Individual investors are the primary owners of these funds as opposed to institutions.
Institutions such as mutual funds don't buy shares of closed-end funds or other mutual funds because their customers don't like the idea of paying two sets of fees,.
We can postulate that individual investors would be more flighty than professional investors, such as pension funds and endowments, and thus, they would be subject to shifting moods of optimism or pessimism ("investor sentiment").
When individual investors are feeling perky, discount on closed-end funds shrink and when they get depressed or scared, the discounts get bigger.
Individual investors are also more likely than institutional investors to own shares of small companies.

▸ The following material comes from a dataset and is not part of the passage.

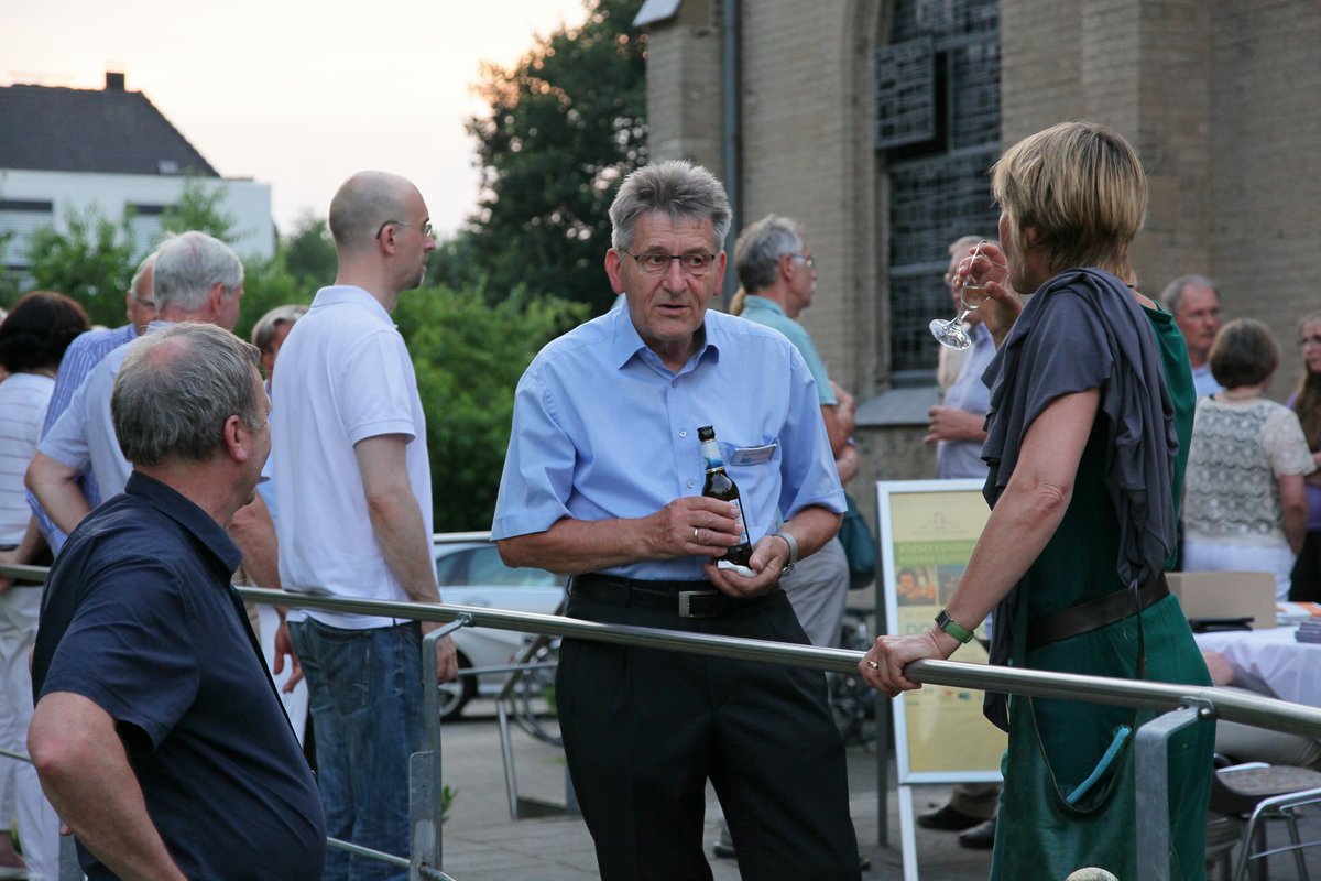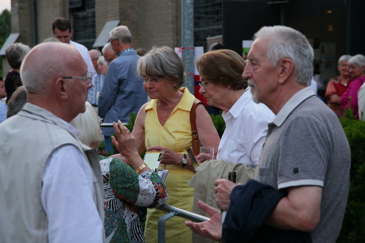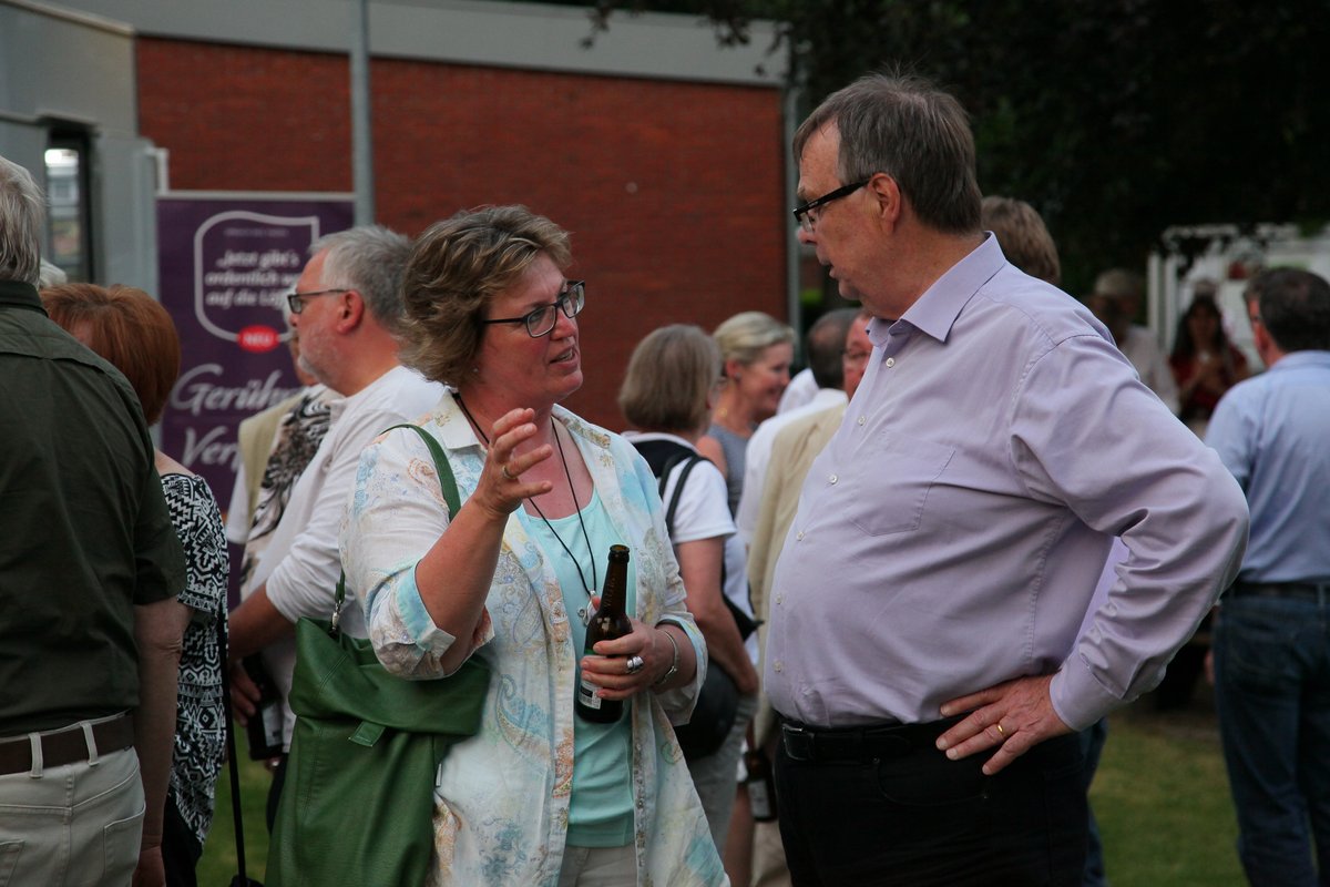Peter Körber, bekannter Dorstener Fotograf und dem Kulturkreis herzlich gewogen, machte die folgenden Bilder,  die eindrucksvoll zeigen, wie gut die Idee war, vor dem Konzert einen Imbiss inkl. Platzreservierung anzubieten: Die Gelegenheit zum SmallTalk wurde gerne angenommen, die erfrischenden Getränke waren an diesem warmen Sommerabend herzlich willkommen.
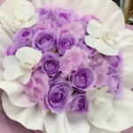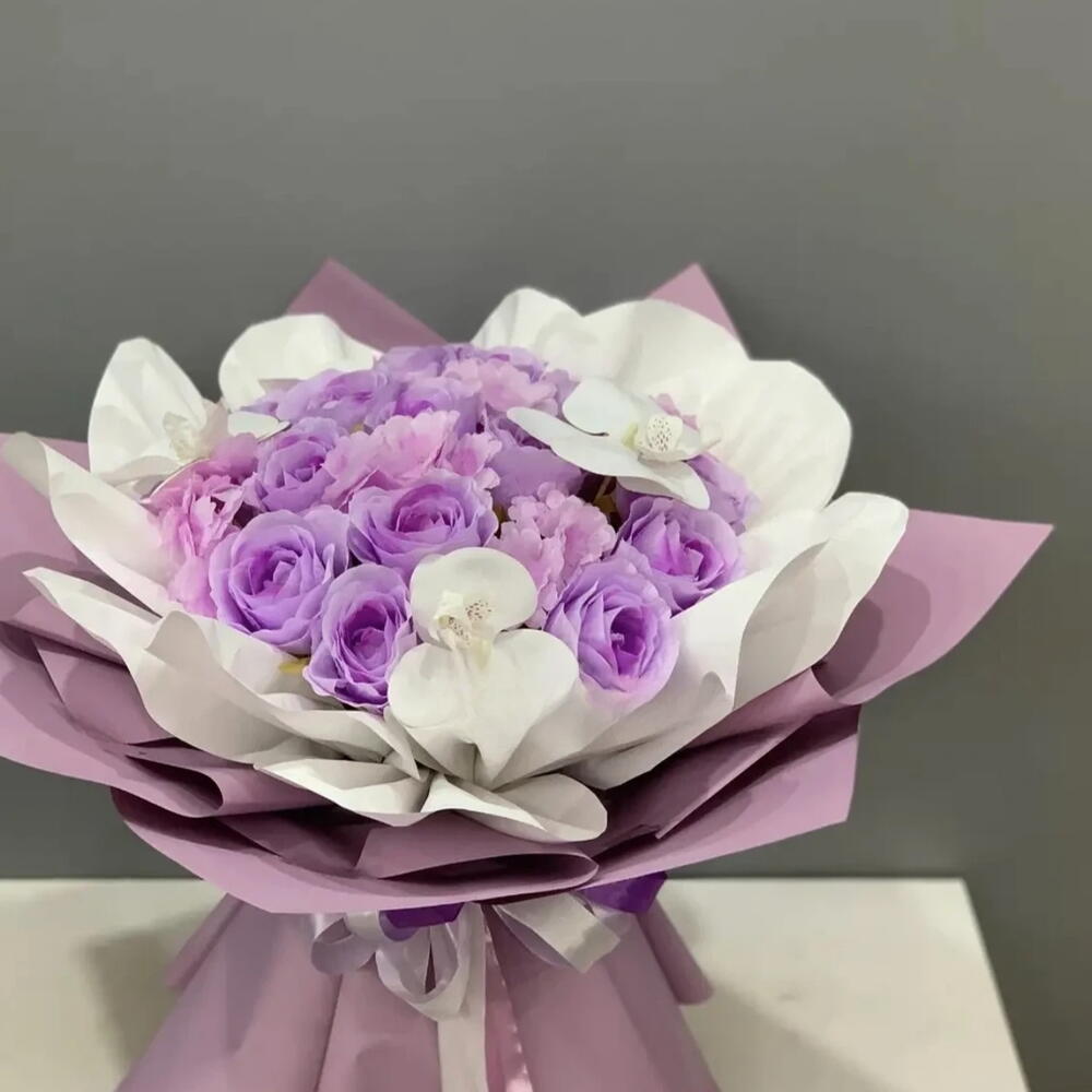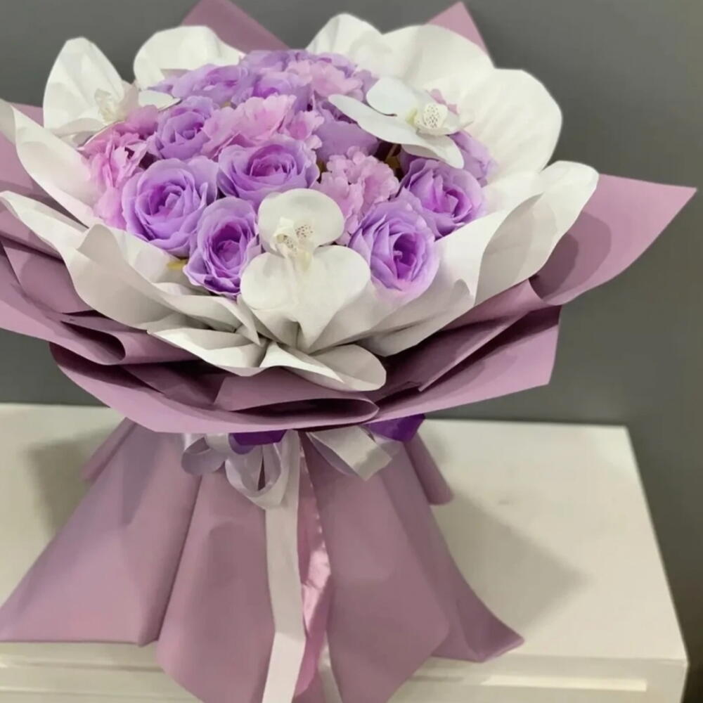 The arrangement features light purple roses and white orchids wrapped in lavender and white paper. Soap flowers are artificial flowers made from soap ingredients that can last for a long time, often for years, if kept away from direct sunlight and moisture. They are frequently used as a long-lasting alternative to fresh flowers for gifts and home decor. Bouquets containing soap roses and orchids are available for various occasions, including birthdays, anniversaries, and Valentines Day. This type of bouquet combines the delicate appearance of orchids, which symbolize love and elegance, with purple roses, which can represent deep admiration and a soulful connection. The wrapping style, often referred to as Korean wrapping, uses multiple layers of paper to create a full, voluminous look.

Institutions shy away from the shares of small companies because these shares do not trade enough to provide liquidity a big investor needs.
How to measure individual investor sentiment?
So, if the investor sentiment of individuals varies, it would show up both in the discounts on closed-end funds and on the relative performance of small companies versus big companies.
That is exactly what was found. The average discount on closed-end funds was correlated with the difference in returns between small and large company stocks; the greater the discount, the larger the difference in returns between those two types of stocks.
How to profit from this investor sentiment variability?
The strategy of buying the closed-end funds with the biggest discounts earned superior returns (a strategy also advocated by Benjamin Graham). Burton Malkiel, author of A Random Walk Down Wall Street, has also advocated such a strategy.